Join: joining datasets

The “join” recipe is dedicated to joins between two or more datasets. DSS handles inner, left outer, right outer, full outer, cross, and advanced joins.

Building a simple join

Adding join is a process involving several configuration steps.

You can add one or two datasets in the recipe creation modal and can add additional datasets from the “Join” section of the recipe.

In the “Join” section of the recipe:

  • Use the “+” button to add additional datasets (if necessary)

  • Select the join type, between “Left join”, “Inner join”, “Outer join”, “Right join”, “Cross join”, and “Advanced join”

  • Review or add join conditions. If the datasets share column names, those columns will be selected by default. Click “ADD A CONDITION” if nothing has been auto-selected, or click on the join keys or operator to edit.

Once the join definition is ready, go to the “Selected columns” section of the recipe and select the columns of each dataset whose values you want to include in the output dataset.

Finally, review the execution specs in the “Output” section.
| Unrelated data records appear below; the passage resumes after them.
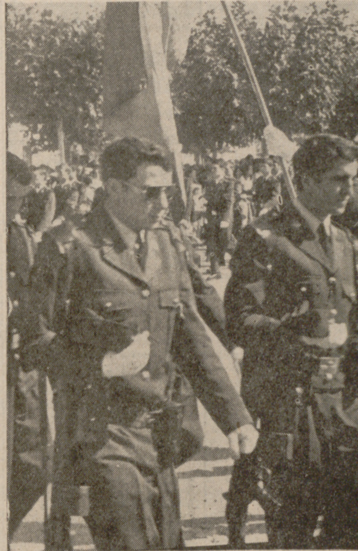
El hijo del Ministro de la Gobernación, en la jura de la Bandera.

A derecha e izquierda de la presidencia se instalaron diversas tribunas, ocupadas por las esposas de las personalidades e invitados. Alrededor del recinto del patio de armas, numeroso público presenció la misa de campaña, juramento de la Bandera y desfile de las fuerzas.
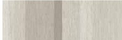
ST854 Decima, Valérie
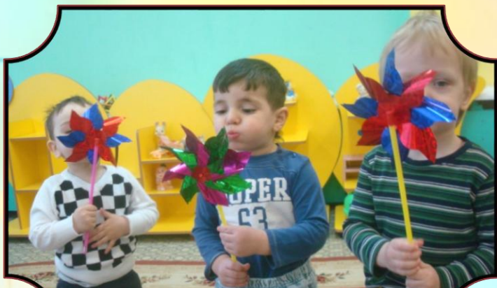
Младшая гр. «Вертушка»
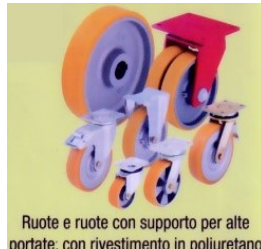
Ruote e ruote con supporto per alte portate, con rivestimento in poliuretano colato Blickle Extrathane®
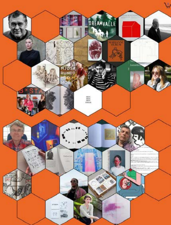
Kunstmessen B*stard 2020: Skjerm bilde fra www.bastardbok.no

Babel Bok BLACK SNOW PRESS Blokk Forlag cph flip book nest DREAMVALLEY Eivind Reierstad Eva Lalla Hilsen Flamme Forlag Forlaget Beijing Trondheim Hanne Borchgrevink Hedda Roterud Amundsen Ina Otzko Inger Wold Lund Kurt Johannessen LevArText Lillehammer Kunstmuseum Morten Haugmo Multipress Norsk kunstårbok Nuart Journal OVO press Oppland Kunstsenter Pamflett Per Jonas Lindström - PJ World Rannveig Funderud røyne forlag Sophie Rodin TEXTSPress TILT - Harpefoss hotell Tore Magne Gundersen Torpedo Press TransFer Forlag Trippelunkt Ugly Duckling Presse Uten Tittel Valgfri Virkelighetsoppfatning Forlag Volt
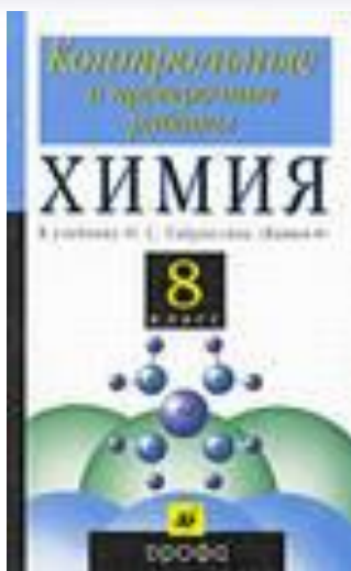
Контрольные и проверочные работы
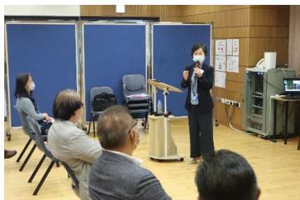
周年專題講座於 2021 年 5 月 29 日下午六時在聖公會聖十架小學舉行
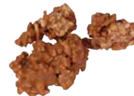
● ALMONDINES Masa netto 1 szt.: 16g Opakowanie zbiorcze: 1,2kg nr ref. PP-AL0805
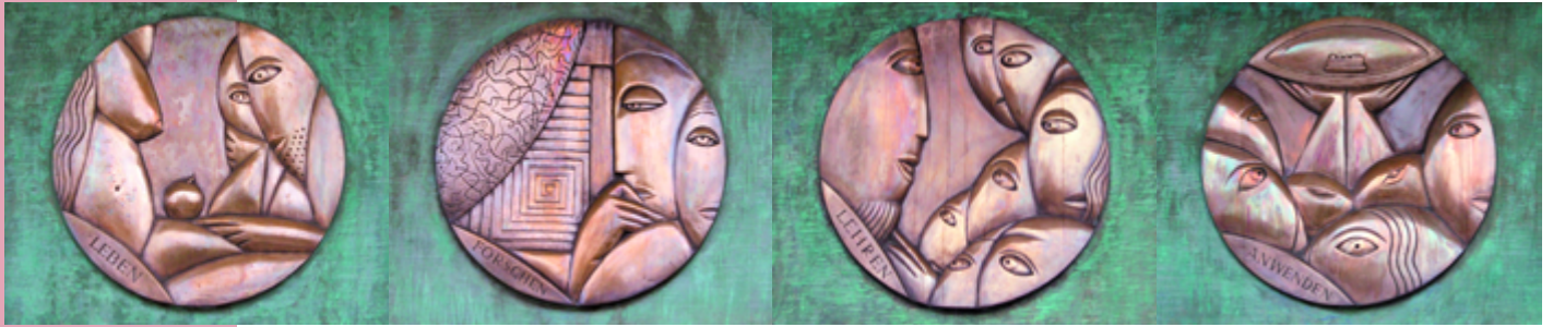
Vier neue Reliefplatten schmücken den Instituseingang, der im Dezember 2006 nach dem notwendig gewordenen Umbau mit einer kleinen Feier eingeweiht wurde: sie stehen für leben, forschen, lehren und anwenden.
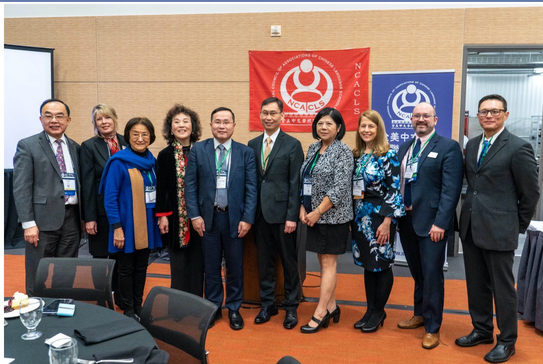
全美中文學校聯合總會ACTFL午宴講座
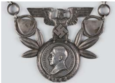
Anhänger der Kette des Frankfurter Oberbürgermeisters Friedrich Krebs von 1933
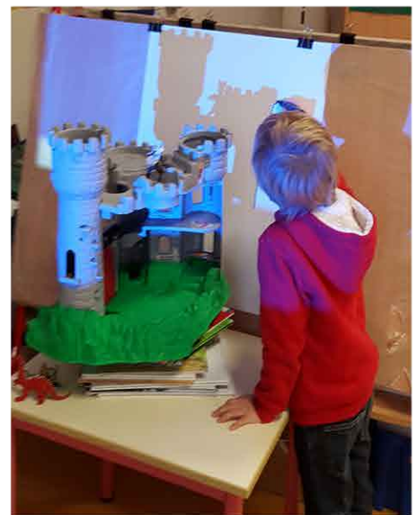
Pour ce grand château, proche du support(rétrécir).

Bilan : + simple avec des objets de tracer le contour.
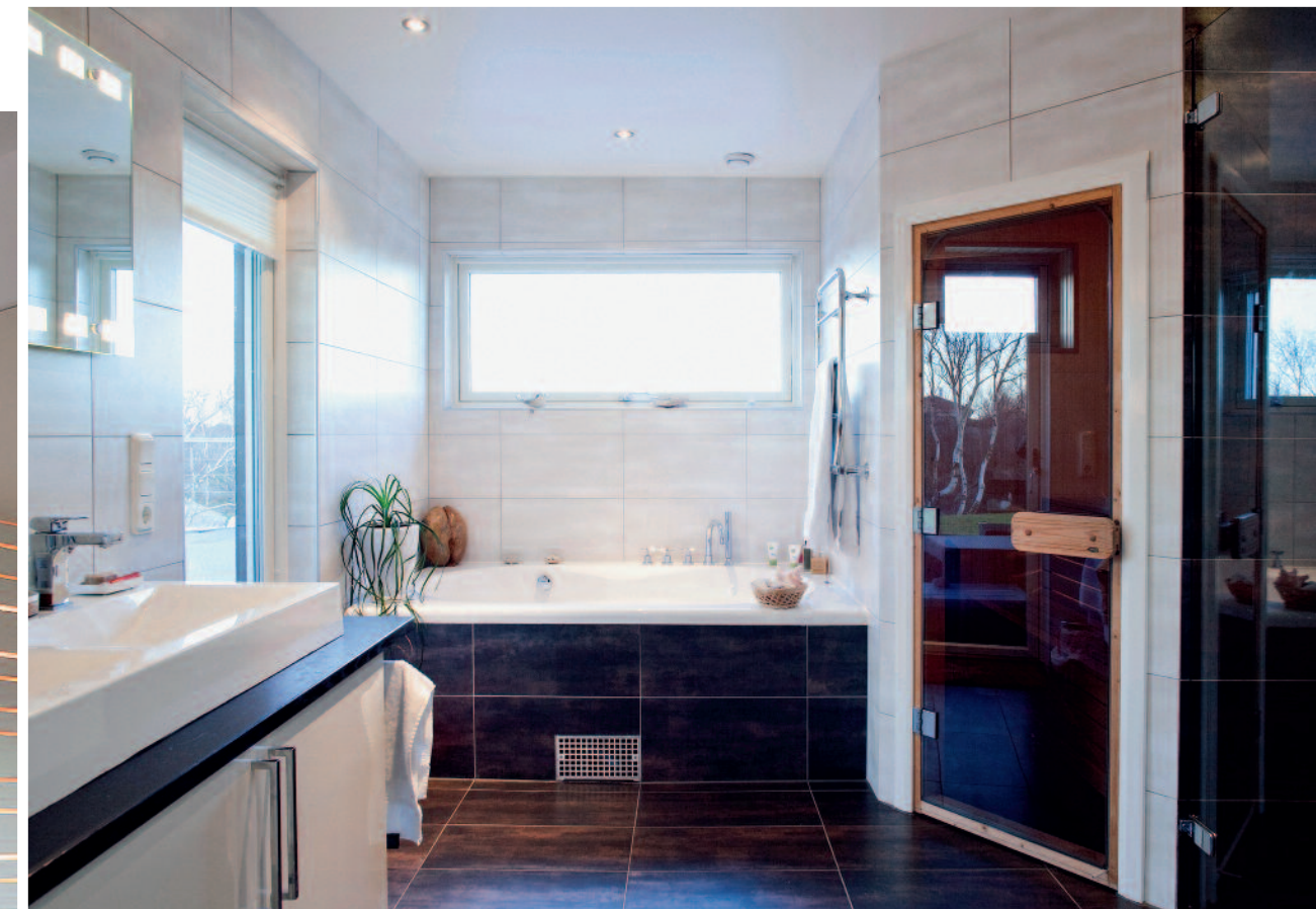
HÄRLIGT TILLTAGET föräldrabadrum med bastu och via dörren och några steg är man ute vid poolen.

” Husets konstruktion var rätt komplicerad. Det är många vinklar och hörn som ska stämma och då planlösningen är öppen i husets mittersta del är det rejäla spännvidder som ska bäras upp.
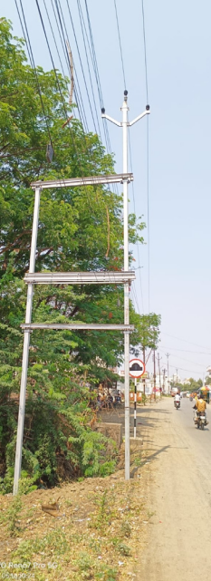
बसविण्यात यावे अशी मागणी जनसामान्यातून व नागरिकांतून होत आहे.
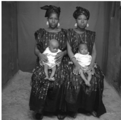
136. Deux sœurs , 1976, négatif 6x6 noir et blanc scanné
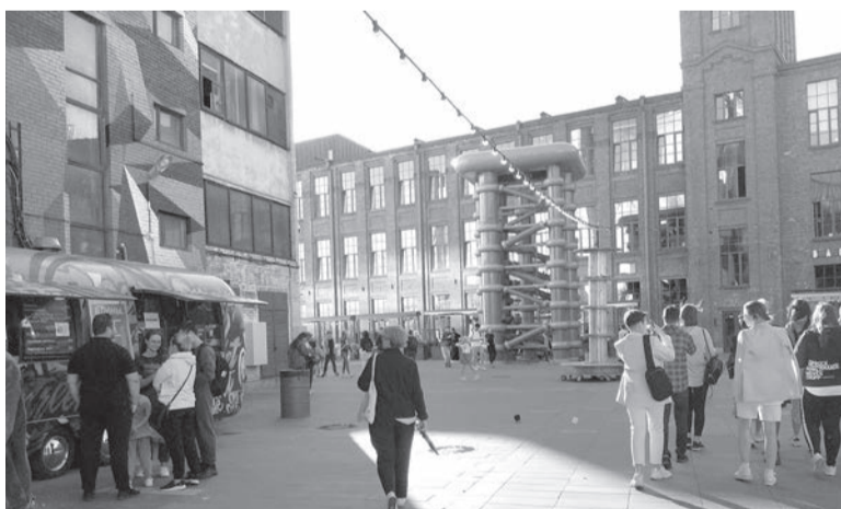
📍 Севкабель порт

клавишные, ударная установка, гитара, прекрасный вокал. И во-круг – поющая и танцующая толпа. Музыканты умудрились составить зажигательное попурри из песен прошлых лет – от хитов 80–90-х до «Катюши», и всё это вместе с ними исполняли многочисленные зрители, в основном зелёная молодёжь. И ведь очень многие знали слова! Нельзя было не примкнуть к дружному хору. То была прощальная песнь – на следующий день нам предстояло покинуть Санкт-Петербург, город, в котором мы успели увидеть так немного. Но мы обязательно вернёмся – не зря же побросали в Финский залив всю мелочь из карманов!

Adding output datasets for unmatched rows

You can optionally add additional output datasets to capture unmatched rows resulting from your join. You can do this by clicking on the “Drop unmatched rows” dropdown, and selecting “Send unmatched rows to other output dataset(s)” and then clicking the “+ADD DATASET” button to add associated output datasets.

This functionality is supported for left, right, and inner joins between two datasets.

Filtering

You can apply pre-filters and post-filters (on the main output only, not unmatched datasets). The filters documentation is available here.

Columns in the output

Since datasets routinely have columns with identical names, it is possible to disambiguate column names in the “Selected columns” section, either by aliasing a given column (using the “pencil” button next to the given column), or by assigning a prefix to apply to all columns of the table.

You can generate additional output columns by writing custom expressions in the “Post-join computed columns” section.

Engines

Depending on the input dataset types, DSS will adjust the engine it uses to execute the recipe, and choose between Hive, Impala, SparkSQL, plain SQL, and internal DSS. The available engines can be seen and selected by clicking on the cog below the “Run” button.

Database-specific notes

Vertica

Due to the way Vertica handles the lowercasing and string normalization operations, if you want to use the join recipe with these options enabled, each join column must be below 8192 chars. You can set the width of string columns in the schema of the input datasets.

If you use lowercase only, the width must be below 32K.